Action item: Could you retype exactly the lines below between the one holding "デッキシューズに、手描きで『" and the one holding "壁に目立つように展示された鮮", inclusive, leaving out any pictures?

Data to use:
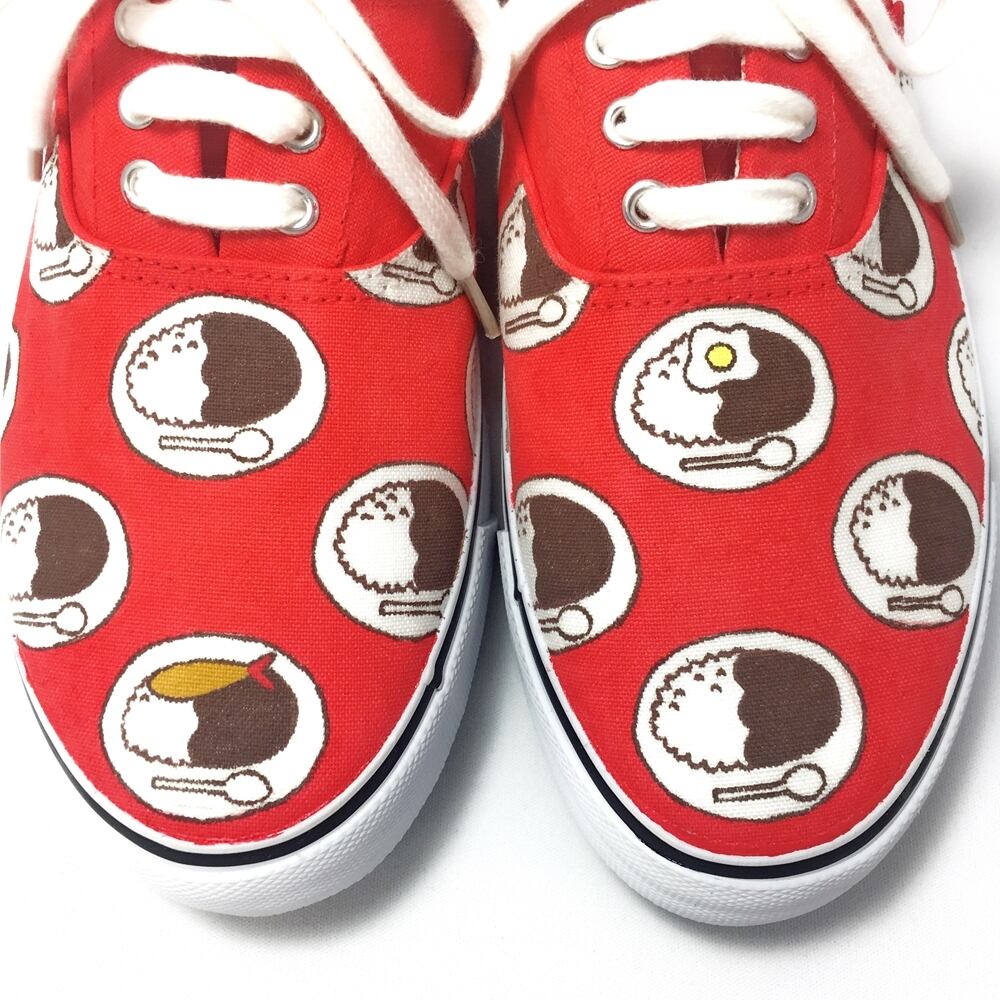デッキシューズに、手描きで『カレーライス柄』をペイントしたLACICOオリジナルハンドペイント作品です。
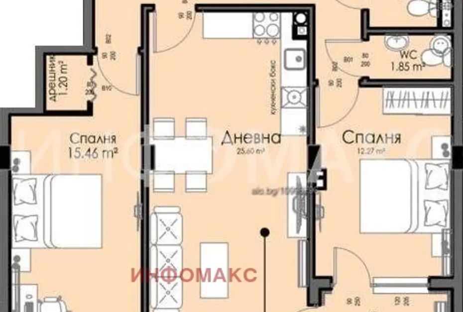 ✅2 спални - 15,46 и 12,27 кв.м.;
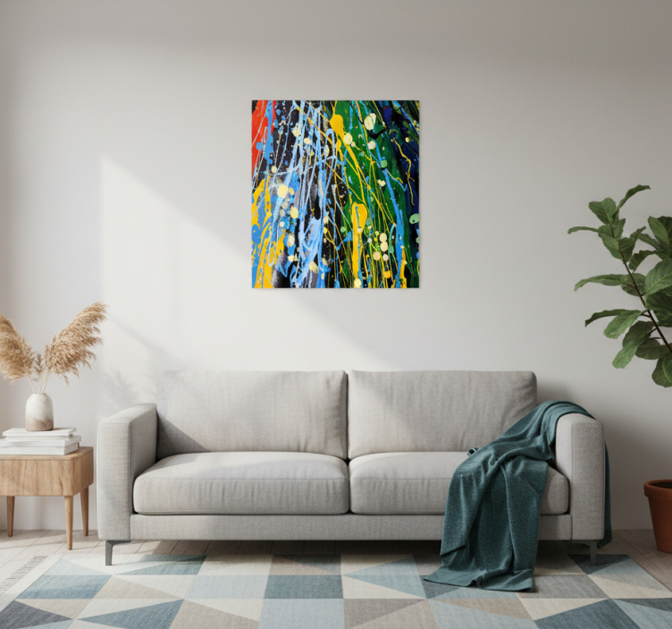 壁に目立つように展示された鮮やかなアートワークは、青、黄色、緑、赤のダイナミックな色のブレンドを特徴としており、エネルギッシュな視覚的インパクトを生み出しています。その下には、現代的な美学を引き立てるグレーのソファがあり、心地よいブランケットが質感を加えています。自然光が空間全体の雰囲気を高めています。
* * *
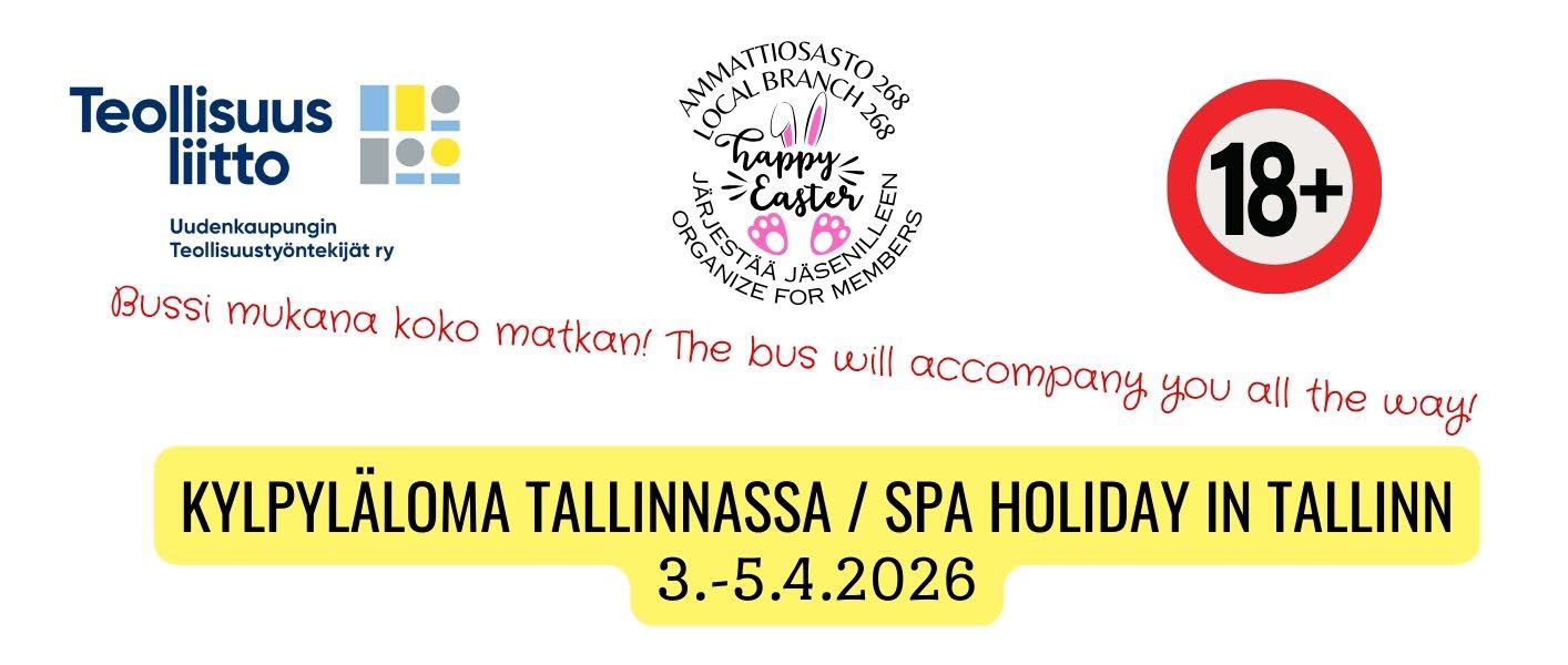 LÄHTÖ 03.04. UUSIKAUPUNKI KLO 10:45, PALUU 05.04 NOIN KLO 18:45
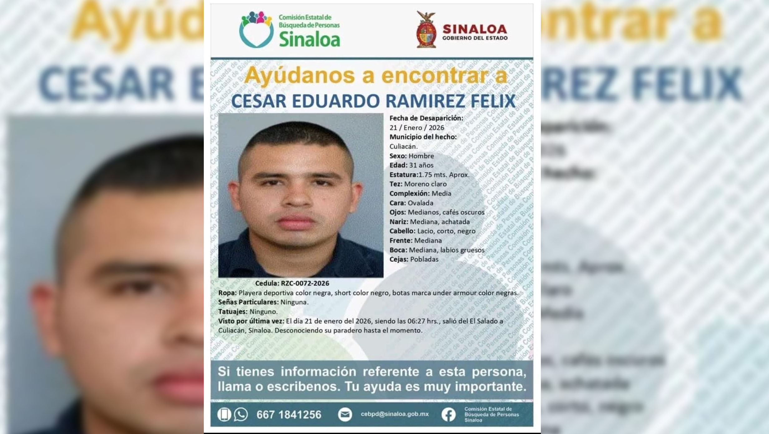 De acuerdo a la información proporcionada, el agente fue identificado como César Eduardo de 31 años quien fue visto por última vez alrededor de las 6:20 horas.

Response to this exercise:
デッキシューズに、手描きで『カレーライス柄』をペイントしたLACICOオリジナルハンドペイント作品です。
 ✅2 спални - 15,46 и 12,27 кв.м.;
 壁に目立つように展示された鮮やかなアートワークは、青、黄色、緑、赤のダイナミックな色のブレンドを特徴としており、エネルギッシュな視覚的インパクトを生み出しています。その下には、現代的な美学を引き立てるグレーのソファがあり、心地よいブランケットが質感を加えています。自然光が空間全体の雰囲気を高めています。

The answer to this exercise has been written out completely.